Dumbledore (to everyone): Unfortunately, Voldemort is back. He killed Cedric.
Harry (clearing throat): Right, well, you heard the Headmaster. So, let's all buckle up, buckle down...
Fudge: Er, just a moment.
Harry: Yes?
Fudge: I don't believe you.
Harry: Ha?
Fudge: I don't believe Voldemort's back.
Harry: That's crazy. I saw him.
Fudge: Rita Skeeter says you might have been hallucinating.
Harry: You trust anything that bimbo writes? How stupid are you?
Fudge: Maybe you had a nightmare.
Harry: But Cedric's actually dead.
Fudge: He could have been killed in the Triwizard maze.
Harry: By something that doesn't leave any marks? Look, this is asinine. Give me veritaserum and a pensieve, and you can all see what happened.
Fudge: But if you were hallucinating, you'd think you were being truthful.
Harry: Okay, look. Wormtail removed a bone from one of Riddle's ancestor's graves. I can show you which one, and you can examine the incomplete skeleton.
Fudge: Doesn't prove anything. You could have done it during Spring Break or something. Or maybe Dumbledore did it.
Harry: Why the fuck would Professor Dumbledore do something like that?
Fudge: To deprive me of my position, of course.
Harry: Okay, so veritaserum him, and you'll see -
Fudge: Dumbledore is a very resourceful wizard, and -
Harry: Oh, shut up. I want to speak with the opposition leader: maybe s/he won't be brain-dead, and we can hold a public debate, vote on holding an inquiry...
Fudge: Speak with the who?
Harry: The opposition leader. You know, as in a parliamentary rival? From another party? Someone who might believe Dumbledore and I, and challenge you on the facts of the situation?
Fudge: A "parliament", like those backward Muggles have? I'm not sure if we have one.
Harry: ...
Fudge: ...
Harry: What do you mean, you're "not sure if we have one"?!
Fudge: Rowling never mentions one. Nor does she ever indicate how Ministers of Magic actually get the job.
Harry: You can't be serious. She once spent a whole chapter describing Quidditch. She wrote a bleeding spin-off book describing Quidditch teams from around the world. You're saying she couldn't be arsed to even mention whether or not there's a Wizard legislature?
Fudge: Politics is boring; sports is fun. Everyone knows that.
Harry: If it's so boring, then why do I meet the Minister of Magic several times, and in dramatic circumstances?
Fudge: Well, that's different. Joanne likes to capitalize on the glamor of having her boy hero meet politicians without so much as referring to such basic societal constructs as a parliament.
Harry: Wow, that's cynical. Could she get any more craven?
Fudge: Sure. Did you know that my refusal to believe that Voldemort is back is a direct, publicly acknowledged reference to Neville Chamberlain's failure to confront Hitler?
Harry: You're not serious.
Fudge: I totally am.
Harry: Sweet Gandalf, that's a preposterous analogy.

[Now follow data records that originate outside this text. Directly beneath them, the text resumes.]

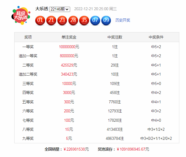 大乐透第2022146期奖号开出:01 21 23 28 35 + 07 09,各位奖号遗漏期数分别为:6期、1期、11期、22期、0期+1期、0期,前区遗漏总值为40期,冷温热码个数比为2:1:2。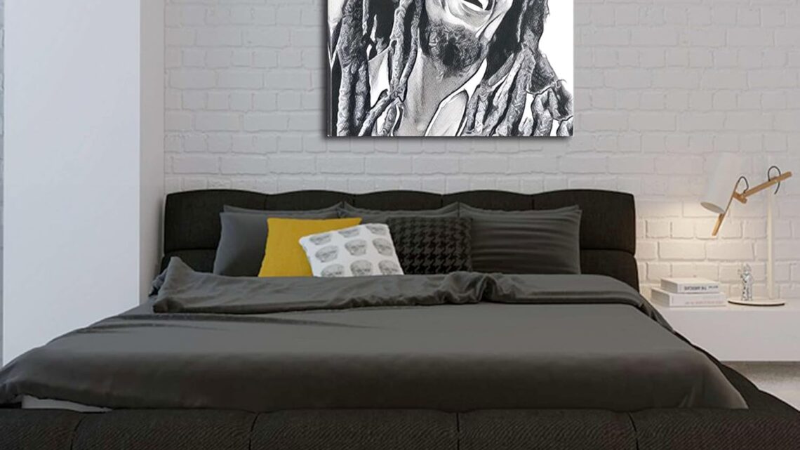Startonight Canvas Wall Art Black and White Abstract Bob Marley Celebrity, Artwork Modern Framed Original Art Painting 32″ x 32″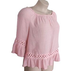 Unique Spectrum Womens Pink XL Peasant Top Crochet Details 3/4 Sleeves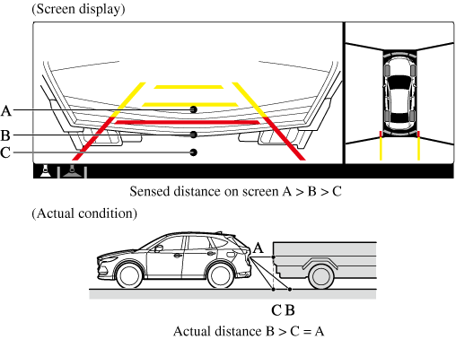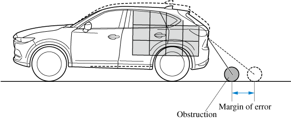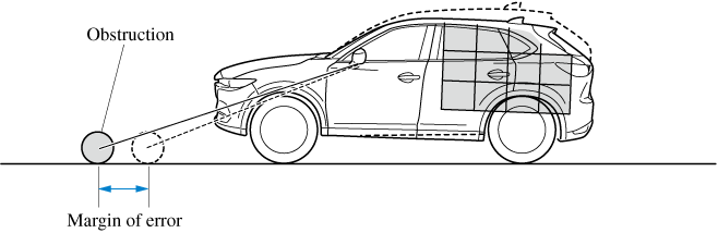 If there is a steep up or down grade in the road at the front or rear of the vehicle, obstructions picked up by the camera can appear farther or closer than the actual distance from the vehicle.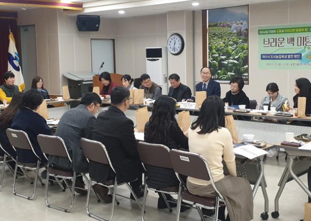 24ÀÏ ¿©¼ö½Ã¿¡ µû¸£¸é, Áö³ 21ÀÏ ³· 12½Ã ¿©¼ö½Ã ³ó¾÷±â¼ú¼¾ÅÍ È¸Àǽǿ¡¼ °ø¹«¿ø 30¸íÀÌ Âü¿©ÇÑ °¡¿îµ¥ ÀåÀÎÈ£ ³ó¾÷±â¼ú¼¾ÅͼÒÀå ÁÖÀç·Î ¡®µµ½Ã³ó¾÷À°¼º ¹ßÀü ¹æ¾È¡¯¿¡ ´ëÇÑ ºê¶ó¿î ¹é ¹ÌÆÃÀÌ ¿·È´Ù.
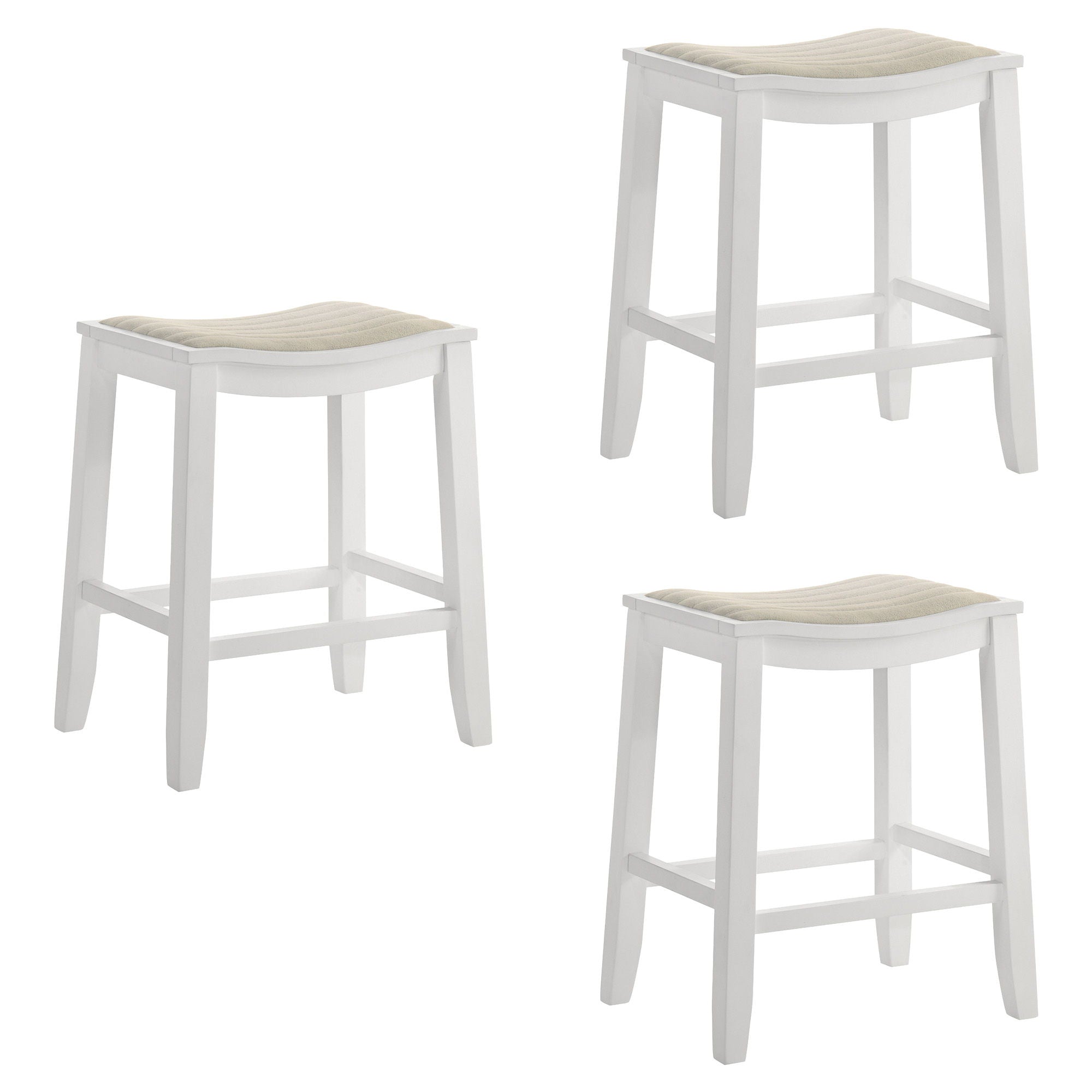 Iyani - Coastal Modern Wood Counter Height Kitchen Bar Stool (Set of 3) - White Finish With Dune Cloud Fabric Upholstered Seat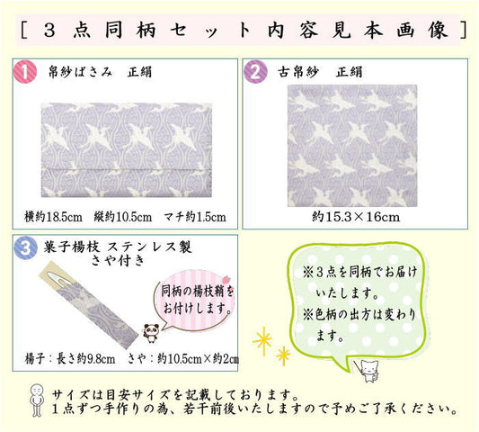 【茶器/茶道具 入門セット(初心者用/お稽古用)】 入門者裏千家6点セット 早雲寺文台裂 龍村美術織物裂使用 (帛紗 正絹・楊子 ステンレス製・懐紙 上)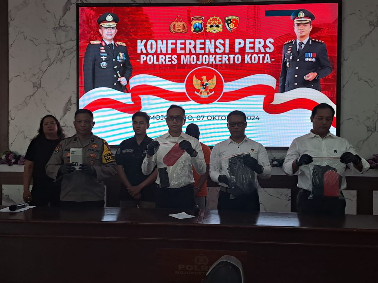 KOTA MOJOKERTO | B-news.id - Satuan Resimen Kriminal (Satreskrim) Polres Mojokerto Kota menggelar konferensi pers terkait pengungkapan dua kasus tindak pidana, yakni satu kasus pencurian dengan pemeberatan (Curat) dan satu kasus lagi pencurian dengan kekerasan (Curas) alias Jambret di Aula Hayam Wuruk Polres Mojokerto Kota pada Sanin (7/10) siang.

Though it's true that the British government concealed the extent to which Germany was re-arming, no one had thought that the country's capacity for warfare had just vanished, Voldemort style. I mean, do you know what what Chamberlain's principal error was?
Fudge: No.
Harry: *sigh*, of course not. Well, his principal error was to try and appease Hitler, to buy a British peace by selling out helpless allies. Are you trying to appease Voldemort?
Fudge: Of course not; I just don't think that he's back. Because we couldn't have meaningful parallels to appeasement without somewhere mentioning the structure of government, now could we?

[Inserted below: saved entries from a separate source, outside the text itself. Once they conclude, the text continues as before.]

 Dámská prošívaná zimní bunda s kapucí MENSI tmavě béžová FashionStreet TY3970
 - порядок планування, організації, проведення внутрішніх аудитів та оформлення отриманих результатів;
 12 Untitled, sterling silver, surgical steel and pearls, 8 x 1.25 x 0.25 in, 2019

Harry: Exactly. That's what makes the analogy so infantile.
Fudge: Well, what's your point?
Harry: My point is that it's lousy and lazy storytelling to detail a whole wizarding world with countess of arcane tidbits, and repeatedly trade on the glamor of meeting heads of state, but never once mention whether or not this particular society is in any way democratic. My point is that when JK has her smartest young witch try to launch a political campaign, but then tacitly belittles that character's effort while going into minute details of sporting matches, she sides against her own (alleged) values in order to sell the maximum possible books to the lowest common denominator. My point is that the whole conceit of the fifth book is crap, that the internationalism promised in the fourth book goes exactly nowhere, and that the genuinely colorful and inventive saga teased by the first four volumes devolves into a lumpen ordeal of pointless camping trips, a dull-as-rocks final battle and an imagination-screwing epilogue whose character pairings could not possibly have been any more trite.
Fudge: Oh.
Harry: Yeah.
Fudge (after a pause): You're still resenting losing Hermione to Ron, aren't you?
Harry: Have you seen her lately?!

END OF BOOK 4 1/2
 
Fudge: Rowling never mentions one. Nor does she ever indicate how Ministers of Magic actually get the job.

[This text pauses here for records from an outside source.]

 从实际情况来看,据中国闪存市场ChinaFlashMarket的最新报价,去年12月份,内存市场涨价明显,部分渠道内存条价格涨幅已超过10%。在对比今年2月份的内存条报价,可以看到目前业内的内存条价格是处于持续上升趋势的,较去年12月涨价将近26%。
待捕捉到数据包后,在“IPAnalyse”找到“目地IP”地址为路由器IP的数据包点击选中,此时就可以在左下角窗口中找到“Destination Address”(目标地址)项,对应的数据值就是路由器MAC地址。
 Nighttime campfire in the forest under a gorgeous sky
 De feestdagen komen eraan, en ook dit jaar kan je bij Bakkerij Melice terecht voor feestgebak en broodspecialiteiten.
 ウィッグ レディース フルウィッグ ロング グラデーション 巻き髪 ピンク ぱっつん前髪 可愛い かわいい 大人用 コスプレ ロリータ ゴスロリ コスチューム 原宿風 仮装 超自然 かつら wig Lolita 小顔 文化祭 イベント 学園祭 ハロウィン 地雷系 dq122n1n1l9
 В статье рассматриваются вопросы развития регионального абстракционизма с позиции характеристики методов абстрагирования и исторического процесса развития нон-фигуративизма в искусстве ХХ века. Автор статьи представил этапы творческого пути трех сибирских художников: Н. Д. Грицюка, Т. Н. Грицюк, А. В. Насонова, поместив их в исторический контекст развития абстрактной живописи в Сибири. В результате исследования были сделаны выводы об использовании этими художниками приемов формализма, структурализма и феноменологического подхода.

Harry: You can't be serious. She once spent a whole chapter describing Quidditch. She wrote a bleeding spin-off book describing Quidditch teams from around the world. You're saying she couldn't be arsed to even mention whether or not there's a Wizard legislature?
Fudge: Politics is boring; sports is fun. Everyone knows that.
Harry: If it's so boring, then why do I meet the Minister of Magic several times, and in dramatic circumstances?
Fudge: Well, that's different. Joanne likes to capitalize on the glamor of having her boy hero meet politicians without so much as referring to such basic societal constructs as a parliament.
Rowling never gets into that because it's in no way relevant to the story. In the story, everybody believes the Minister, including the media and most of the government, so whether there is an opposition/legislature or not isn't going to affect the story either way.
 
I think it is very relevant. It's one of those let's ignore the obvious or otherwise the story won't work moments these books are filled with.

I have often wondered who the fuck elected that guy anyway, or the next, and why they are called ministers if they're all more or less censoring morons with a dictator complex? Of course everyone is going to believe them if there is no opposition.

All the Quidditch details? Now that was info dump.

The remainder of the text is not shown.